4. In the case of two competing life cycles, it is not clear, to me, what is the qualitative result. The kernel is introduced in four forms suggested by the authors (Figure 2). It is concluded that depending on whether one has a killer kernel or victim kernel one life cycle wins and in other cases there might be coexistence. Are there further results? For example can one in principle states the condition for ESS or selection advantage of one life cycle?

5. (Similar to the previous comment) How does different kernels (victim or killer) improve or modify condition for selection of one life cycle while competing with another? The answer is detailed but it is useful to sum up the overall behavior cycles.

6. I want to comment that the three life cycle competition results was interesting and the analogy with rock-paper-scissor game was clarifying the findings.

7. Does the introduction of kernel term overall promotes coexistence between two life cycles?

8. While the paper has a theory approach and the generality of results justifies it, it would be very useful to connect the general finding with the observations in experimental evolution of multicellularity. For example, discuss cases where there are unique life cycles and when there are more than one.

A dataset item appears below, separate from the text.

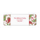 Weihnachts-Adressetikett mit rotem und grünem Paisley-Design und rotem Text.
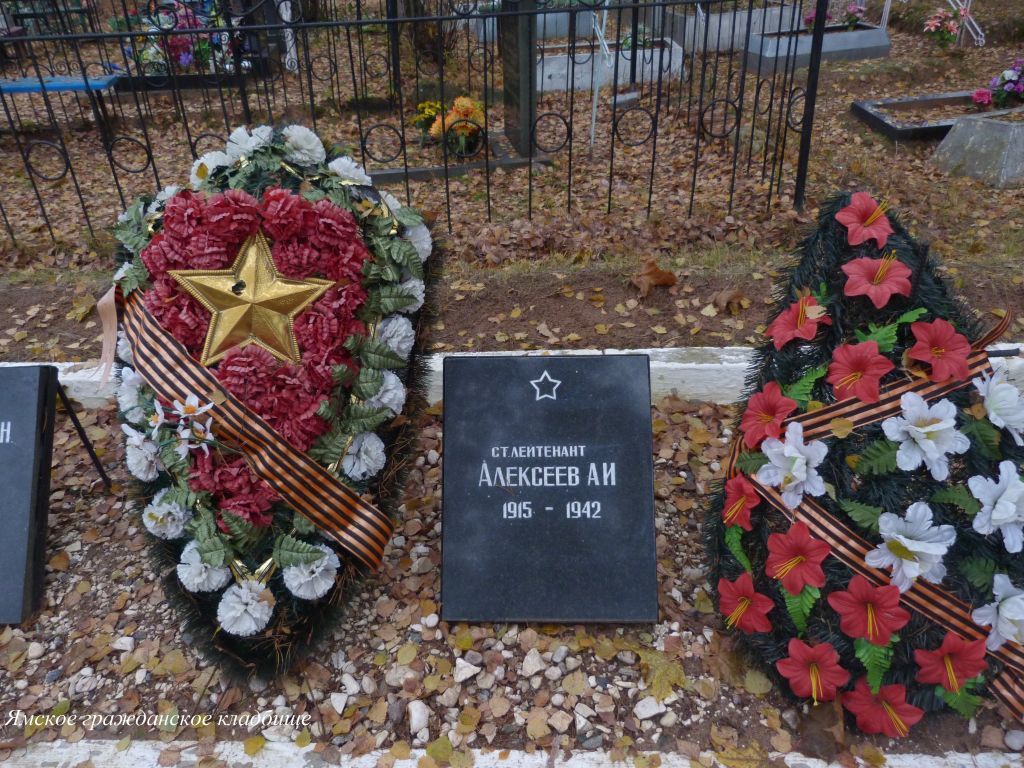 - захоронение и его местоположение;- останки усопших;- текст мемориальной надписи: «СТ. ЛЕЙТЕНАНТАЛЕКСЕЕВ А.И.1915-1942»

The evolution of multicellular life cycles is a central process in the course of the emergence of multicellularity. The model suggested by authors connects evolution of multicellular life cycles to evolutionary game theory. The introduction of the interaction terms seems to be a great modeling way to discuss under what circumstances different life cycles can coexist or when one life cycle is chosen among other potential ones due to a natural selection among life cycles. The results are discussed in some details but due to complexity in some cases examples are used. I recommend this work for publication in Journal eLife after revision. It is a new model with high impact on the field of evolution of multicellular structures.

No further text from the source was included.